The use of antipsychotics was also standard in past decades for ER visits involving deliriants like PCP and STP. It had very negative cognitive effects as it does when used with ICU delirium, but the medical staff persist in thinking that shutting someone up is the same thing as treating them….
Certain antipsychotics in critically ill patients weren’t effective treatments for delirium, results from a major randomized trial showed.

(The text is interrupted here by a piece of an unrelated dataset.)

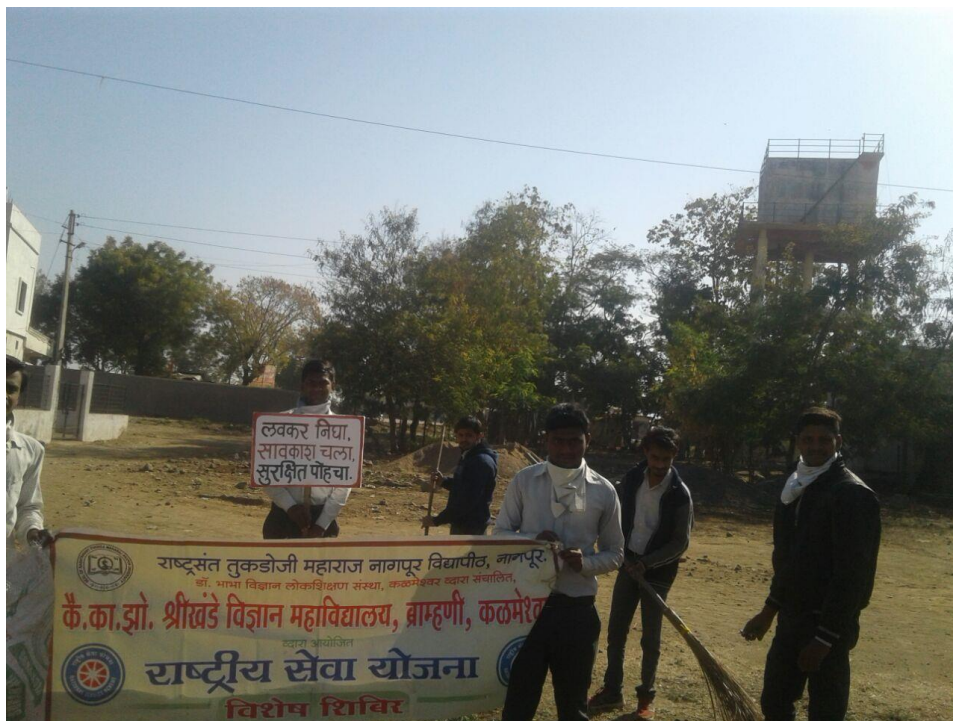
Special Camp on Swachhata Abhiyan by NSS at Bramhani Village

For patients in the phase III MIND-USA (Modifying the Incidence of Delirium) trial, neither haloperidol (Haldol) nor ziprasidone (Geodon) extended the number of days alive without delirium or coma — the trial’s primary endpoint — reported E. Wesley Ely, MD, MPH, of Vanderbilt University Medical Center in Nashville, and colleagues (P=0.26 for overall effect):
- Haloperidol: 7.9 days (95% CI 4.4-9.6)
- Ziprasidone: 8.7 days (95% CI 5.9-10.0)
- Placebo: 8.5 days (95% CI 5.6-9.9)
“This study uproots 40 years of clinical practice and took over 15 years from the time we started this line of inquiry to get to this point in discovery,” Ely told MedPage Today. “It is one of the most negative trials I’ve ever seen, which translates into something very positive for patient care.”
“It was nutty that for 40 years we were treating patients with an entire class of drugs, antipsychotics, without any proof they worked for delirium,” Ely continued. “The practice is very widespread to use antipsychotics for delirium. It is happening right now in many tens of thousands of patients, and over the year probably millions of patients in many settings receive antipsychotics for delirium — nursing homes, hospitals, ICUs.”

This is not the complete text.